Is it better to be like Peggy and not even try to see the good in bad people? I guess that depends upon what you want to do with them. If you want to hang them from the nearest tree, it’s probably better to dismiss them as monsters. But if you want to think of them as people who might, in different circumstances, have done a lot of good with their lives, it probably isn’t. I don’t know which way is right. Are we too soft on criminals or too severe? I mostly think we are too soft, but I also think that the biggest difference between good people and bad people is how they were brought up. Without Peggy’s softening influence, I would have been capable of some bad things, but that wouldn’t mean there was no good in me. Even Hitler was kind to his dogs. What I see in such behavior is something akin to a seed that might have blossomed into a beautiful flower under different circumstances. We are all born with the capacity for good.
I awakened despondent at 3:00 a.m. last night, so overcome was I by the tragedy of Bonnie and Clyde, and their victims. It’s as if all that suffering and waste had formed into a dense black ball and lay heavy on my chest. I mostly thought about their many months on the run, and I reflected upon what it must be like to never eat in peace or lie down without wondering if you will be awakened by someone shooting at you. The following is from the report of the posse that killed them. It’s one of the reasons why my father hated cops so terrifically that he said any day a cop was killed was a happy day for him.

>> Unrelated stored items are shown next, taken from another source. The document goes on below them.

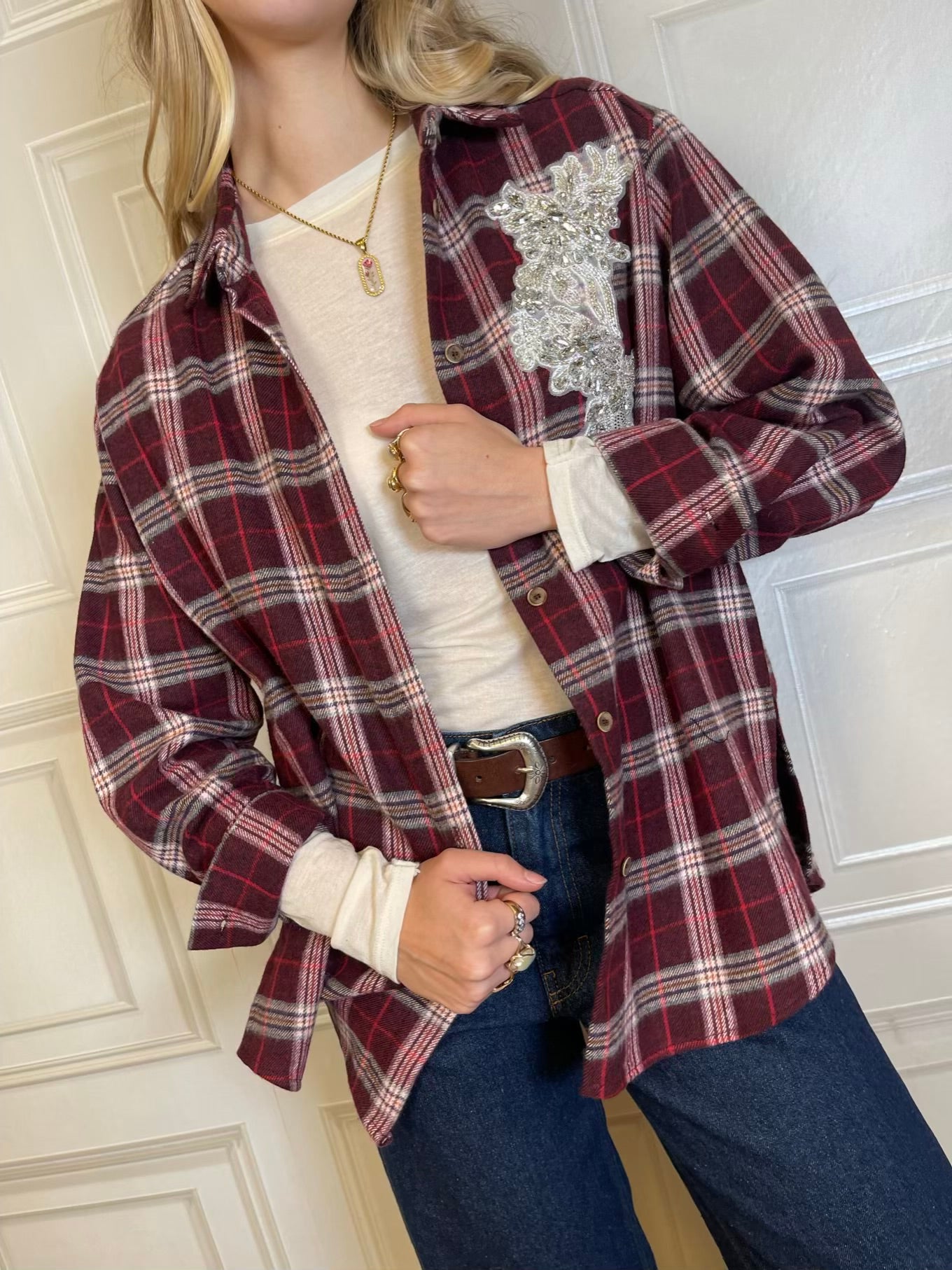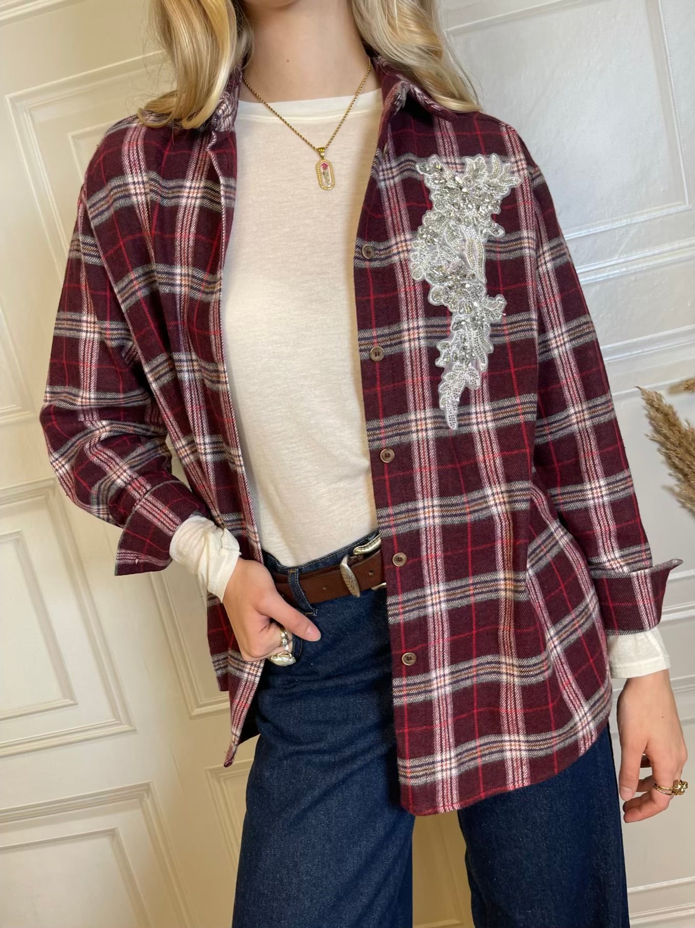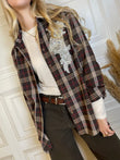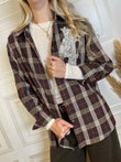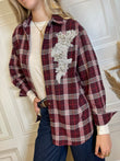 Camicia fantasia check, con dettaglio cabochon sul fronte. Chiusura con bottoncini.
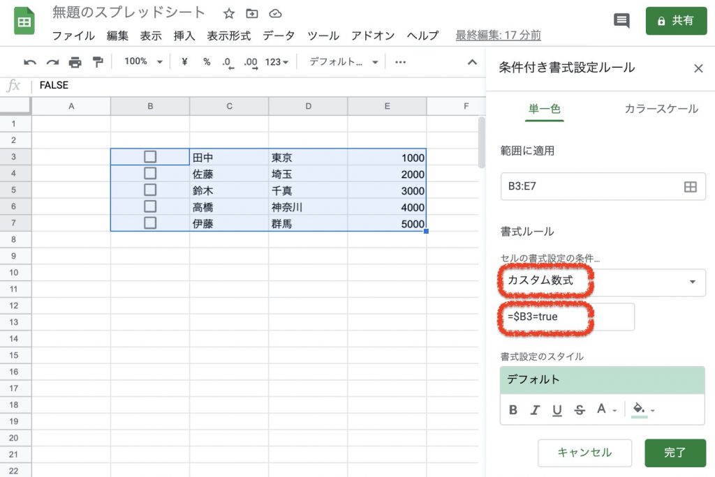 横に長いデータで、チェックボックスのオン オフが分かりづらいときは、条件書式を設定すること行全体に背景色などの書式設定をすることが出来ます。 設定方法は、 設定したい表のセルを範囲選択して、メニューの”表示形式”から”条件付き書式設定ルール”を選択 ウィンドウのサイドに出てくる設定ビューに以下のように設定します。気をつけたいポイントは、 書式ルールの条件をカスタム数式 にすること、そして、その下の入力に入力ボックスに入れる値(条件)で、行に$を入れること。 ※この例では、B列にチェックボックスが入っていますので、B列固定という意味の”$”を入れます。行番号は一番左上の”3”で構いません。範囲に適用でしっかりと表全体が選ばれていれば、自動で下の行まで条件が反映されます。 この例では、チェックが入っている列に色を付ける方法をご紹介しましたが、カスタム数式の条件式の”=$B3=true”を”=$B3=false”とすることで、チェックが入っていない箇所に色を付ける ことも可能です。
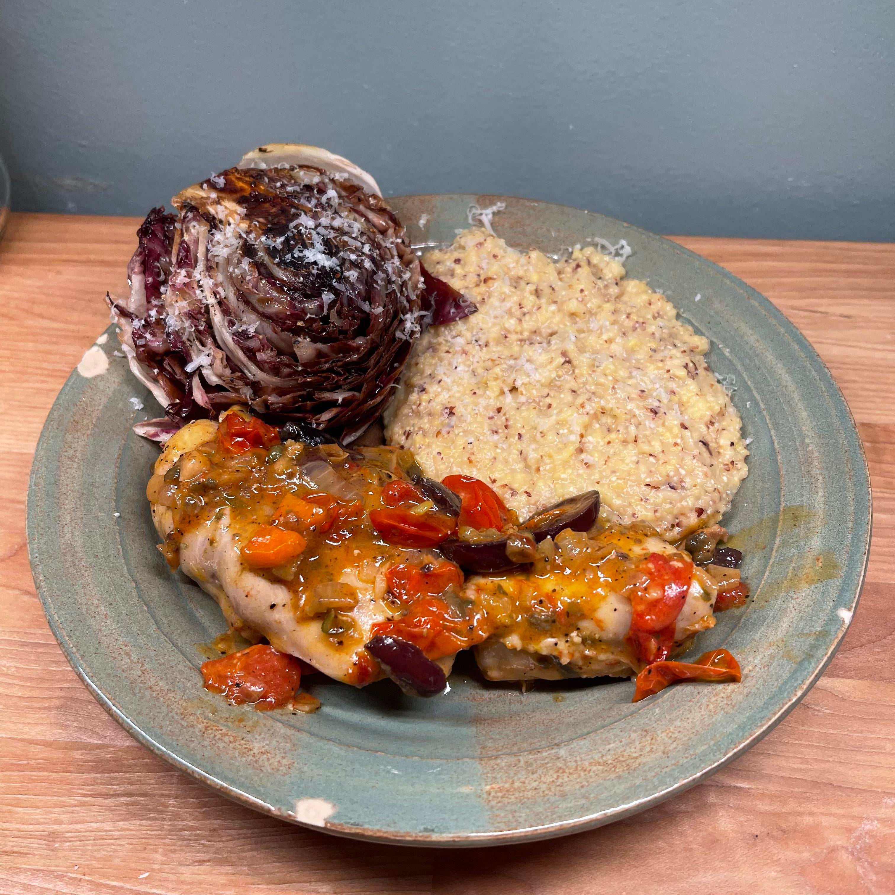 I think the side plate cleaned and may be in a different plate (like a bowl) with the chicken on top of the polenta, and sliced cabbage, it would have been great.
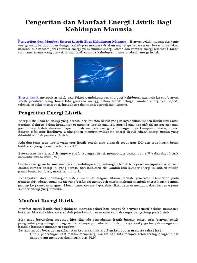 Pengertian Dan Manfaat Energi Listrik Bagi Kehidupan Manusia
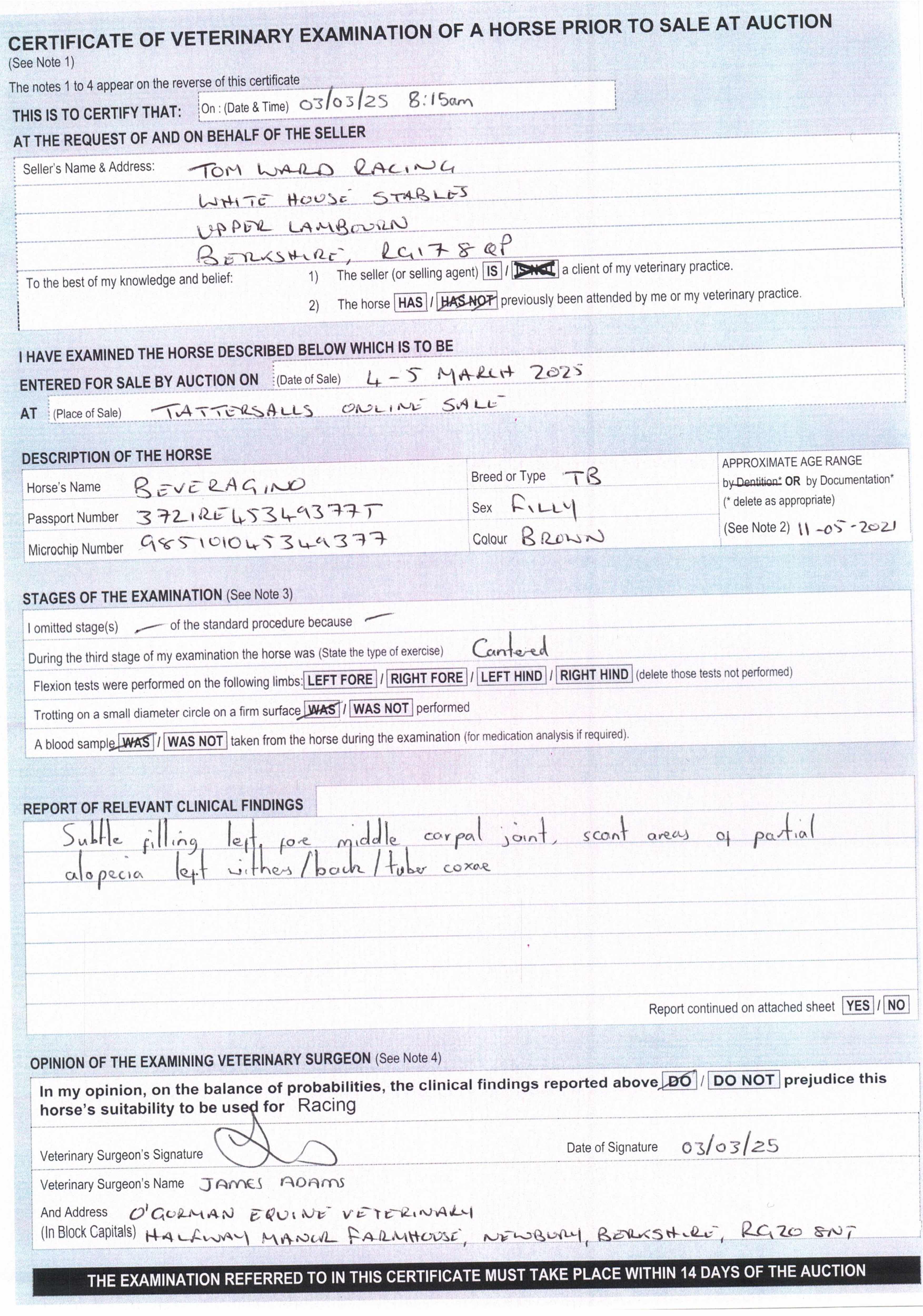 For time sensitive requests please call Tattersalls on +44(0)1638665931

“Each of us six officers had a shotgun and an automatic rifle and pistols. We opened fire with the automatic rifles. They were emptied before the car got even with us. Then we used shotguns ... There was smoke coming from the car, and it looked like it was on fire. After shooting the shotguns, we emptied the pistols at the car, which had passed us and ran into a ditch about 50 yards on down the road. It almost turned over. We kept shooting at the car even after it stopped. We weren’t taking any chances.”